SOURCE MATERIAL:
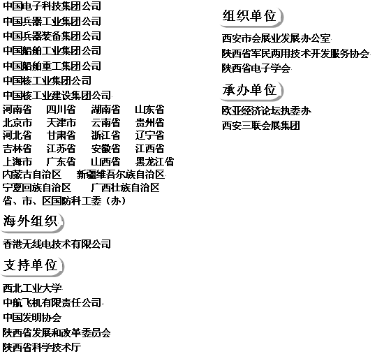 中航一集團621所、中航二集團直升機部、航天二院23所、仿真中心、706所、航天三院總體部、31所、33所、35所、8357所、8511所、蘭州軍區、總后駐西安軍代局、總裝駐西安軍代局、海軍駐西安軍代局、空軍駐西安軍代局、酒泉衛星發射中心、華陰常規兵器試驗基地、第26試驗訓練基地(63750部隊)、第32試驗訓練基地(63870部隊)、西安衛星測量控制中心、63672部隊、68306部隊、94162部隊、61363部隊、95956部隊、68054部、68126部隊、61540部隊、聯勤第28分部、總后建筑工程研究所、總裝西安軍代局、海軍駐西安地區軍事代表局、空軍駐西安地區軍事代表局、空軍工程大學電訊工程學院、總裝備部后勤部西北辦事處、陜西陸軍預備役高炮師、空軍工程大學工程學院、第二炮兵工程學院、武警西安指揮學院、武警工程學院電子技術系、工程兵駐西安和蘭州地區軍事代表室、西安通信學院、西安陸軍學院、陜西陸軍預備役高炮師四團、總參通信二站第二通信團、海軍北海艦隊導彈驅逐艦第一支隊西安艦、中國航天科技集團、中國運載火箭技術研究院、中國空間技術研究院、航天動力技術研究院、航天推進技術研究院、上海航天技術研究院、四川航天技術研究院、中國航天時代電子公司、航天空氣動力技術研究院、成都飛機設計研究所、沈陽飛機設計研究所、中國直升機設計研究所、航天710所、洪都航空工業集團、第一飛機設計研究所、北京航天動力研究所 、兵器工程師進修大學、中國兵器工業集團、中國兵器科學研究院、總裝炮兵局、總裝輕武器論證所、兵科院單兵裝備處、兵器裝備集團公司輕武器處、兵器工業211所、航天508所、總裝備部科技委、總裝備部陸軍科訂部、中國兵器工業第203、204、205、206、210、213所;中國航天8357、771所、7171所、中國電子科技集團10所、15、20、28、29、30、32、38、39、41、54所;中國航天706所、中國航天771所、中國船舶707所、中國船舶709所、中國船舶716所、中國航空601所、中國航空611所、中國航空612所、中國航空613所、中國航空618所、中國航空631所、中國兵器210所、中國兵器508所、國營248廠、國營368廠、國營785廠、國營789廠、解放軍電子工程學院、國防科技大學、西北工業大學、哈爾濱工業大學、北京航空航天大學、空軍工程大學導彈學院、軍械工程學院、防空兵指揮學院、第二炮兵指揮學院、二炮裝備研究院、海軍裝備研究院、空軍裝備研究院、二炮四所、空軍二所、三所、六所;空軍裝備論證 研究所、海軍裝備部裝備論證中心、海軍705、701、717所;裝甲兵工程學院、中國運載火箭技術研究院………
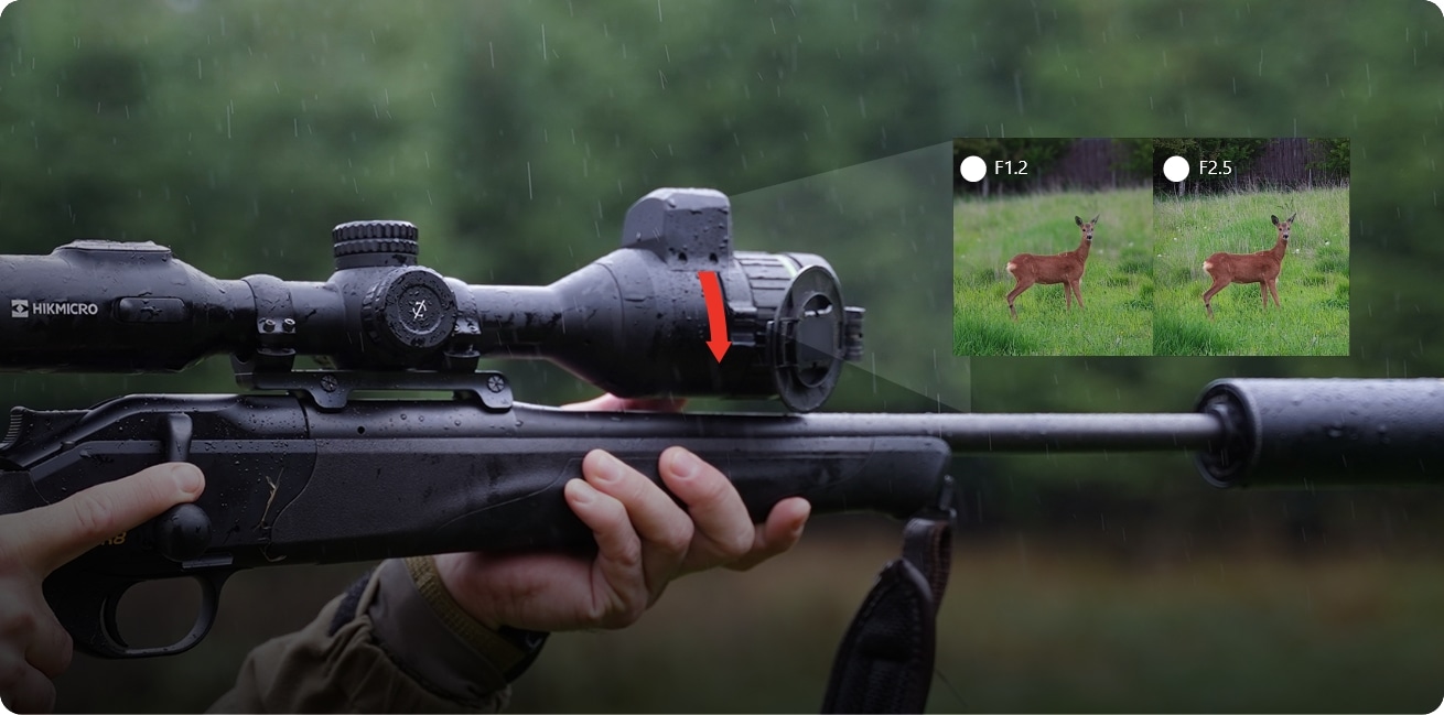 Nastavljiva zaslonka F1.2-2.5 kamere HIKMICRO ALPEX 4K izboljša prepoznavanje cilja v vseh svetlobnih pogojih. Uvedba velike zaslonke F2.5 lahko učinkovito prepreči prekomerno osvetlitev in izboljša globinsko ostrino, kar prinaša vizualno revolucijo tudi med dnevnim lovom.
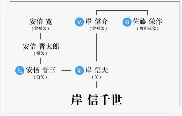 このような家系図が掲載されていたが…(=岸信千世氏の公式HPから/現在は削除)
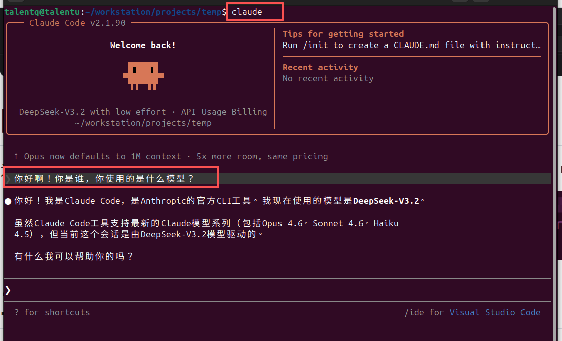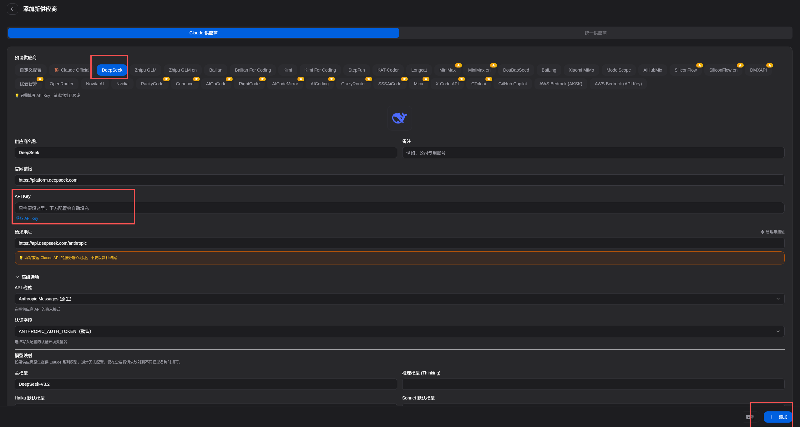 以DeepSeek为例,添加DeepSeek作为Claude Code的大模型:
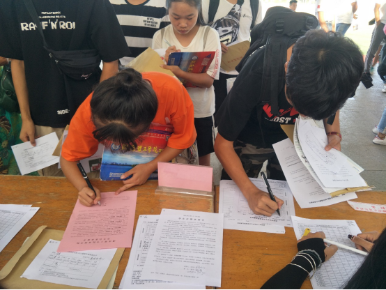 为了保证每位同学都能够顺利入校,集团在综合楼醒目的位置设置了“国家助学贷款咨询处”,公司志愿者采用“一对一”服务的方式引导遗失准考证的新生开具证明,解除了家长的后顾之忧。
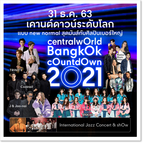 31 ธ.ค. 63 กับเคาท์ดาวน์แห่งปี centralwOrld Bangkok Countdown 2021 จัดเต็มEntertainment เที่ยงวันยันเที่ยงคืน ตอบทุกกลุ่มเป้าหมาย ขยายความสุขด้วยดนตรีแจ๊สระดับโลกในวันที่ 31
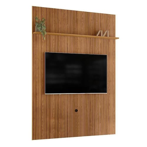 Painel Piso-teto New Interlagos Cumaru Para Tv Até 75 - Madetec Cumaru Painel Piso-Teto New Interlagos para TV até 75 - Madetec O Painel Piso-Teto New Interlagos é a escolha perfeita para quem busca sofisticação e modernidade na sala de estar. Com estrutura em MDF e MDP e pintura UV, oferece resistência e um acabamento impecável. Seu design elegante conta com painel frisado em baixo relevo e a prateleira superior proporciona um espaço extra para decoração ou eletrônicos. Desenvolvido para ser fixado na parede, garante um visual clean e sofisticado e é ideal para TV de até 75. ESPECIFICAÇÕES: - Estrutura em MDF e MDP - Pintura UV - Painel em MDF frisado (baixo relevo) - Prateleira superior - Produto desenvolvido para ser fixado na parede - O televisor deve ser fixado no painel - Ideal para TV até 75
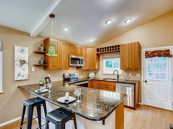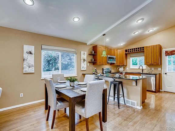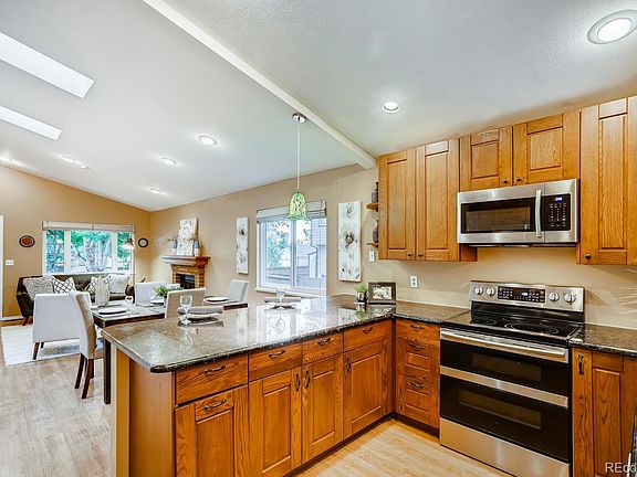 Charming hard to find ranch property in Highlands Ranch! Wide plank laminate floors! Remodeled open kitchen, soft close cabinetry, 2 side pull out pantry cabinets, slab Granite, stainless steel appliances with smooth cooktop & dual ovens, vaulted living and dining room with gas fireplace! Large master bedroom with walk-in closet. Finished basement with large family room/recreation room, Fourth bedroom and 3/4 bath. Great storage! Washer and dryer included. Newer vinyl windows! Wonderful backyard with mature landscaping & large concrete Patio! Walk to Timberline Park! Close to Highland Heritage Regional Park, shopping, Post Office and more. Come take a look-it won't last long!

TASK INSTRUCTIONS: Without copying any picture, write out the entries exactly.

ANSWER BELOW:
 中航一集團621所、中航二集團直升機部、航天二院23所、仿真中心、706所、航天三院總體部、31所、33所、35所、8357所、8511所、蘭州軍區、總后駐西安軍代局、總裝駐西安軍代局、海軍駐西安軍代局、空軍駐西安軍代局、酒泉衛星發射中心、華陰常規兵器試驗基地、第26試驗訓練基地(63750部隊)、第32試驗訓練基地(63870部隊)、西安衛星測量控制中心、63672部隊、68306部隊、94162部隊、61363部隊、95956部隊、68054部、68126部隊、61540部隊、聯勤第28分部、總后建筑工程研究所、總裝西安軍代局、海軍駐西安地區軍事代表局、空軍駐西安地區軍事代表局、空軍工程大學電訊工程學院、總裝備部后勤部西北辦事處、陜西陸軍預備役高炮師、空軍工程大學工程學院、第二炮兵工程學院、武警西安指揮學院、武警工程學院電子技術系、工程兵駐西安和蘭州地區軍事代表室、西安通信學院、西安陸軍學院、陜西陸軍預備役高炮師四團、總參通信二站第二通信團、海軍北海艦隊導彈驅逐艦第一支隊西安艦、中國航天科技集團、中國運載火箭技術研究院、中國空間技術研究院、航天動力技術研究院、航天推進技術研究院、上海航天技術研究院、四川航天技術研究院、中國航天時代電子公司、航天空氣動力技術研究院、成都飛機設計研究所、沈陽飛機設計研究所、中國直升機設計研究所、航天710所、洪都航空工業集團、第一飛機設計研究所、北京航天動力研究所 、兵器工程師進修大學、中國兵器工業集團、中國兵器科學研究院、總裝炮兵局、總裝輕武器論證所、兵科院單兵裝備處、兵器裝備集團公司輕武器處、兵器工業211所、航天508所、總裝備部科技委、總裝備部陸軍科訂部、中國兵器工業第203、204、205、206、210、213所;中國航天8357、771所、7171所、中國電子科技集團10所、15、20、28、29、30、32、38、39、41、54所;中國航天706所、中國航天771所、中國船舶707所、中國船舶709所、中國船舶716所、中國航空601所、中國航空611所、中國航空612所、中國航空613所、中國航空618所、中國航空631所、中國兵器210所、中國兵器508所、國營248廠、國營368廠、國營785廠、國營789廠、解放軍電子工程學院、國防科技大學、西北工業大學、哈爾濱工業大學、北京航空航天大學、空軍工程大學導彈學院、軍械工程學院、防空兵指揮學院、第二炮兵指揮學院、二炮裝備研究院、海軍裝備研究院、空軍裝備研究院、二炮四所、空軍二所、三所、六所;空軍裝備論證 研究所、海軍裝備部裝備論證中心、海軍705、701、717所;裝甲兵工程學院、中國運載火箭技術研究院………
 Nastavljiva zaslonka F1.2-2.5 kamere HIKMICRO ALPEX 4K izboljša prepoznavanje cilja v vseh svetlobnih pogojih. Uvedba velike zaslonke F2.5 lahko učinkovito prepreči prekomerno osvetlitev in izboljša globinsko ostrino, kar prinaša vizualno revolucijo tudi med dnevnim lovom.
 このような家系図が掲載されていたが…(=岸信千世氏の公式HPから/現在は削除)
 以DeepSeek为例,添加DeepSeek作为Claude Code的大模型:
 为了保证每位同学都能够顺利入校,集团在综合楼醒目的位置设置了“国家助学贷款咨询处”,公司志愿者采用“一对一”服务的方式引导遗失准考证的新生开具证明,解除了家长的后顾之忧。
 31 ธ.ค. 63 กับเคาท์ดาวน์แห่งปี centralwOrld Bangkok Countdown 2021 จัดเต็มEntertainment เที่ยงวันยันเที่ยงคืน ตอบทุกกลุ่มเป้าหมาย ขยายความสุขด้วยดนตรีแจ๊สระดับโลกในวันที่ 31
 Painel Piso-teto New Interlagos Cumaru Para Tv Até 75 - Madetec Cumaru Painel Piso-Teto New Interlagos para TV até 75 - Madetec O Painel Piso-Teto New Interlagos é a escolha perfeita para quem busca sofisticação e modernidade na sala de estar. Com estrutura em MDF e MDP e pintura UV, oferece resistência e um acabamento impecável. Seu design elegante conta com painel frisado em baixo relevo e a prateleira superior proporciona um espaço extra para decoração ou eletrônicos. Desenvolvido para ser fixado na parede, garante um visual clean e sofisticado e é ideal para TV de até 75. ESPECIFICAÇÕES: - Estrutura em MDF e MDP - Pintura UV - Painel em MDF frisado (baixo relevo) - Prateleira superior - Produto desenvolvido para ser fixado na parede - O televisor deve ser fixado no painel - Ideal para TV até 75
 Charming hard to find ranch property in Highlands Ranch! Wide plank laminate floors! Remodeled open kitchen, soft close cabinetry, 2 side pull out pantry cabinets, slab Granite, stainless steel appliances with smooth cooktop & dual ovens, vaulted living and dining room with gas fireplace! Large master bedroom with walk-in closet. Finished basement with large family room/recreation room, Fourth bedroom and 3/4 bath. Great storage! Washer and dryer included. Newer vinyl windows! Wonderful backyard with mature landscaping & large concrete Patio! Walk to Timberline Park! Close to Highland Heritage Regional Park, shopping, Post Office and more. Come take a look-it won't last long!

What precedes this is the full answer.